В определенное время суток в моей квартире пахнет протухшей гаудой. В доме, судя по всему, никто больше этого запаха не замечает. Я написала четыре письма домовладелице, миссис Шульц, но сдалась, когда узнала, что она складывает мои письма в папку с пометкой «СУМАСШЕДШАЯ». Я однажды видела эту папку, когда заходила к миссис Шульц, чтобы заплатить за квартиру.
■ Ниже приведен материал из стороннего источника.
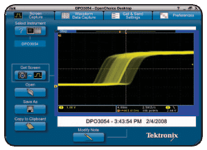 Осциллографы серии DPO3000 обеспечивают беспрецедентно новый уровень работы с ПК и подключения к нему через интерфейс USB с использованием технологии plug-and-play. Порт USB на передней панели предоставляет возможность простого переноса снимков экрана, настроек прибора и осциллограмм буквально на ладонь вашей руки. Кроме того, на задней панели прибора имеется второй хост-порт USB, который наряду с портом USB передней панели может работать в качестве порта USBTMC для дистанционного управления осциллографом с компьютера. Встроенный порт 10/100 Ethernet позволяет легко подсоединиться к информационным сетям. Для вывода собранных данных и результатов измерений достаточно подсоединить осциллограф к ПК USB-кабелем. В число поставляемых приложений входят NI LabVIEW SignalExpress™ Tektronix Edition, OpenChoice® Desktop, а также панели инструментов Microsoft Excel и Word, позволяющие быстро и просто устанавливать прямую связь с компьютером, работающим под управлением Windows.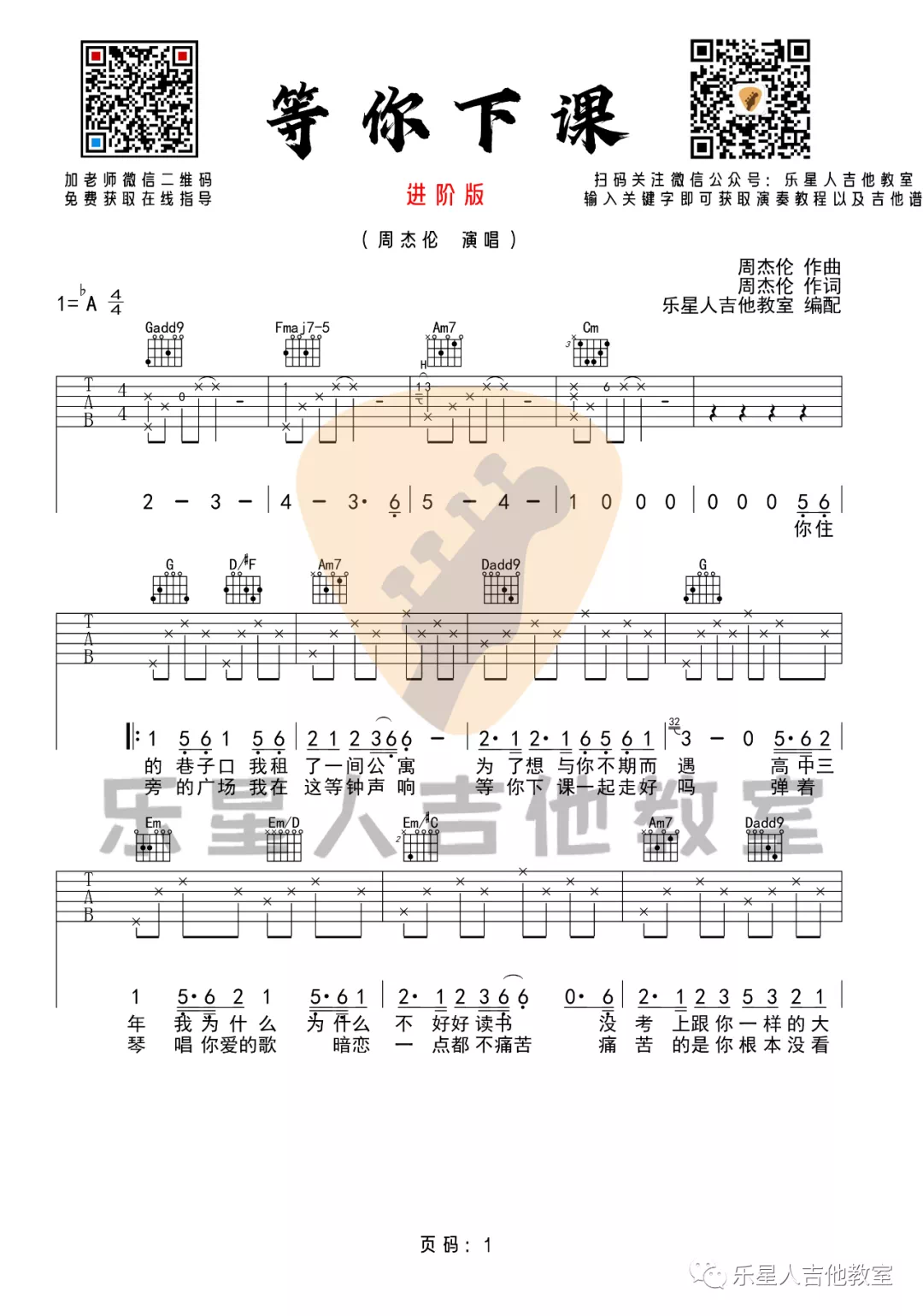 周杰伦《等你下课》吉他谱,乐星人教室编配出品,共有3张高清图谱。...

Поэтому теперь, когда запах становится невыносимым, я просто ухожу в парк с ноутбуком и играю в го[1]
онлайн.Сегодня 5 октября, время — 5:59 вечера. Температура в парке градусов 13. Уши заполняет тишина. Если прислушаться внимательнее, можно различить звуки, вплетающиеся в нее: однообразный гул машин вдалеке, шуршание листьев на ветру, бег моей собственной крови по венам — всё, кроме голосов людей.
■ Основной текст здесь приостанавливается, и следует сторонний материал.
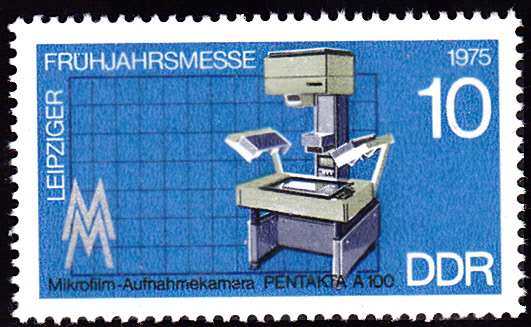 Zur Leipziger Frühjahrsmesse 1975 ist diese Marke zu 10Pf (MiNr 2023) mit einer Mikrofilm-Aufnahmekamera PENTAKTA A 100 erschienen.

Я натягиваю капюшон толстовки, у него сразу два достоинства: согревает уши и скрывает лицо, давая мне чувство приватности. Парк тих и неподвижен, вокруг меня простирается сонный зеленый ковер. Несколько кленов уже начали ронять кроваво-красные листья. Неподалеку поблескивает пруд.
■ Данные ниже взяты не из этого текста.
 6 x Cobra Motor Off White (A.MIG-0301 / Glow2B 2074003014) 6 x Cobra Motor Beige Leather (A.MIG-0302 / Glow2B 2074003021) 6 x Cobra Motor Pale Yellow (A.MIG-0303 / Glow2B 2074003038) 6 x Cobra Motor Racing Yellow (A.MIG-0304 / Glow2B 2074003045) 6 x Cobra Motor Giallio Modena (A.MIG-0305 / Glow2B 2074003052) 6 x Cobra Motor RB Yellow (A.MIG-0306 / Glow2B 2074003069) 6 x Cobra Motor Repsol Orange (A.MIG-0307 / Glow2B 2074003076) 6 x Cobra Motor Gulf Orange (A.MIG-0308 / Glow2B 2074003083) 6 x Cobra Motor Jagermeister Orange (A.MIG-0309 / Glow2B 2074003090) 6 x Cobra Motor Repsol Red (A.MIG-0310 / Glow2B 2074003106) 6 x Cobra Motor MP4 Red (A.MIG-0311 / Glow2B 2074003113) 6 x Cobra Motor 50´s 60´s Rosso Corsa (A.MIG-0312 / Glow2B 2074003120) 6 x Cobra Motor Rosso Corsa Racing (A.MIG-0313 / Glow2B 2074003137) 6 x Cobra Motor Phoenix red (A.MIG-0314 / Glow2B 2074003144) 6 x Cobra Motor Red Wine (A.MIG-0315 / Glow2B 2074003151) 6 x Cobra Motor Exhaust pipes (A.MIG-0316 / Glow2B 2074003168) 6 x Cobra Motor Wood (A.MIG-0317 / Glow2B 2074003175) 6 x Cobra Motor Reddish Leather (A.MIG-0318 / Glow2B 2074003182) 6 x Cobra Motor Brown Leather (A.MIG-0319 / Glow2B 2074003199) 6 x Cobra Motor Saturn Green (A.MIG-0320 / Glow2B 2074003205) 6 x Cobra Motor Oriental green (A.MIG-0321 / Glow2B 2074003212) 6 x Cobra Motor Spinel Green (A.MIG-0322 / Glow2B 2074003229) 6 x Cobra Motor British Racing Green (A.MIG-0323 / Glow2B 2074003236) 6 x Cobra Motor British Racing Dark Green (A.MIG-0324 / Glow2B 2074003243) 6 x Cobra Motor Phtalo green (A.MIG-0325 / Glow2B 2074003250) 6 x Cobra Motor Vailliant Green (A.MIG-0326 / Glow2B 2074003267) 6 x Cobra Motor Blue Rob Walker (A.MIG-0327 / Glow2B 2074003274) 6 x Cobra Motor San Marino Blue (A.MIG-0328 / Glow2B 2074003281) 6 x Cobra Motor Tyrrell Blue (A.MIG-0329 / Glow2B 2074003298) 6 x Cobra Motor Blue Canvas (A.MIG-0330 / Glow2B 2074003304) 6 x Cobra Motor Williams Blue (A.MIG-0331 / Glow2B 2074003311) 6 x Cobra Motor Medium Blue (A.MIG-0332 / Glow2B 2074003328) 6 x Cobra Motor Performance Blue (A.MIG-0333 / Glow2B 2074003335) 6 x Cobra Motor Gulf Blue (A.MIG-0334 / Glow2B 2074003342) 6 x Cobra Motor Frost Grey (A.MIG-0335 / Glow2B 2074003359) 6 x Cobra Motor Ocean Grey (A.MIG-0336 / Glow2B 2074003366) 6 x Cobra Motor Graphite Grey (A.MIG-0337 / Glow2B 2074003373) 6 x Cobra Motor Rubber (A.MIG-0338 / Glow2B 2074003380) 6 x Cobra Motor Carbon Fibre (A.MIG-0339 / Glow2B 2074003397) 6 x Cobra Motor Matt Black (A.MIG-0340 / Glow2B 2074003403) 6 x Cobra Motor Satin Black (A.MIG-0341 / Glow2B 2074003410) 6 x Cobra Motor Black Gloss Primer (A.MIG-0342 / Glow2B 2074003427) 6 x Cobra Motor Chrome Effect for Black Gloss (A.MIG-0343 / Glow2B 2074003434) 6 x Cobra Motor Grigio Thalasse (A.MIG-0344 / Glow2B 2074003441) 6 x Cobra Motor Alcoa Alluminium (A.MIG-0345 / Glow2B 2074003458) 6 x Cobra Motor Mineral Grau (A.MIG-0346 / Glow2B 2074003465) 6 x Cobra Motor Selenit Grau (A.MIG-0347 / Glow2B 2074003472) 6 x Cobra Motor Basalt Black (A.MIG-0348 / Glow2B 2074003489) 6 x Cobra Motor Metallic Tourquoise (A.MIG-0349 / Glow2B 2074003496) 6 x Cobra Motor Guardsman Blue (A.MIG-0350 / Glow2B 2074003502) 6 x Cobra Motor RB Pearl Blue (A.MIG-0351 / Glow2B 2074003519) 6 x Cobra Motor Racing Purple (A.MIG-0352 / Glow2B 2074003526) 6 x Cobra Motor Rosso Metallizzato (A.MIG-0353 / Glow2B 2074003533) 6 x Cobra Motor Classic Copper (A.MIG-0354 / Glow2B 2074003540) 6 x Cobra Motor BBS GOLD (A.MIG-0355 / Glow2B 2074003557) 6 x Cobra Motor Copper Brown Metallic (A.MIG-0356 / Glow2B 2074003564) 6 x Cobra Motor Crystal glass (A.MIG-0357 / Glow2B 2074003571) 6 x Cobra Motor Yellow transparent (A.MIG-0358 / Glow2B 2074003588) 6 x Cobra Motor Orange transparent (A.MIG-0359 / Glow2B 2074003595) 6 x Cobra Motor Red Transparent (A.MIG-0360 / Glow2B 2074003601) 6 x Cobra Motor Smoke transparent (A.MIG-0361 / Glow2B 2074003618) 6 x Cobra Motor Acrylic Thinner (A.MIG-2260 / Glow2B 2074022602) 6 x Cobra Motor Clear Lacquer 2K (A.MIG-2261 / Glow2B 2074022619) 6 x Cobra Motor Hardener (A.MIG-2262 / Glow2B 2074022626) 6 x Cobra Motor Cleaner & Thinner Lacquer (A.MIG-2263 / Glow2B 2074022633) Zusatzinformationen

Я бросаю взгляд на пустующую скамейку возле пруда и проверяю время на телефоне. Я жду мальчика с тростью.
Каждый день ровно в шесть вечера мальчик приблизительно моего возраста — может, на пару лет постарше — выныривает из лососевого цвета здания через дорогу, идет, прихрамывая, в парк и садится на скамейку. Иногда он читает, иногда просто наблюдает за утками. За последние три недели это вошло у него в привычку.
Когда он только начал сюда приходить, я злилась на него за посягательство на мою территорию. Мне не хотелось с ним говорить, я вообще не люблю говорить с людьми, но и из парка уходить я не собиралась. Поэтому я затаилась. А спустя некоторое время что-то изменилось. Мальчик стал частью пейзажа, как утки, и его присутствие перестало меня раздражать. Точное, как часы, время его появления действовало на меня почти успокаивающе.
И действительно, ровно в шесть часов дверь открылась и он появился, вид у него был самый привычный: худой, бледный, не очень высокий, со светло-каштановыми волосами, которые он, кажется, давно не стриг. Ветерок колышет края его расстегнутой синей ветровки. Я наблюдаю, как он подходит к скамейке, опираясь на трость. Он садится, а я с удовлетворением отворачиваюсь. Прислонившись к дереву, я открываю ноутбук, устраиваю его на коленях и начинаю играть в го со случайным противником.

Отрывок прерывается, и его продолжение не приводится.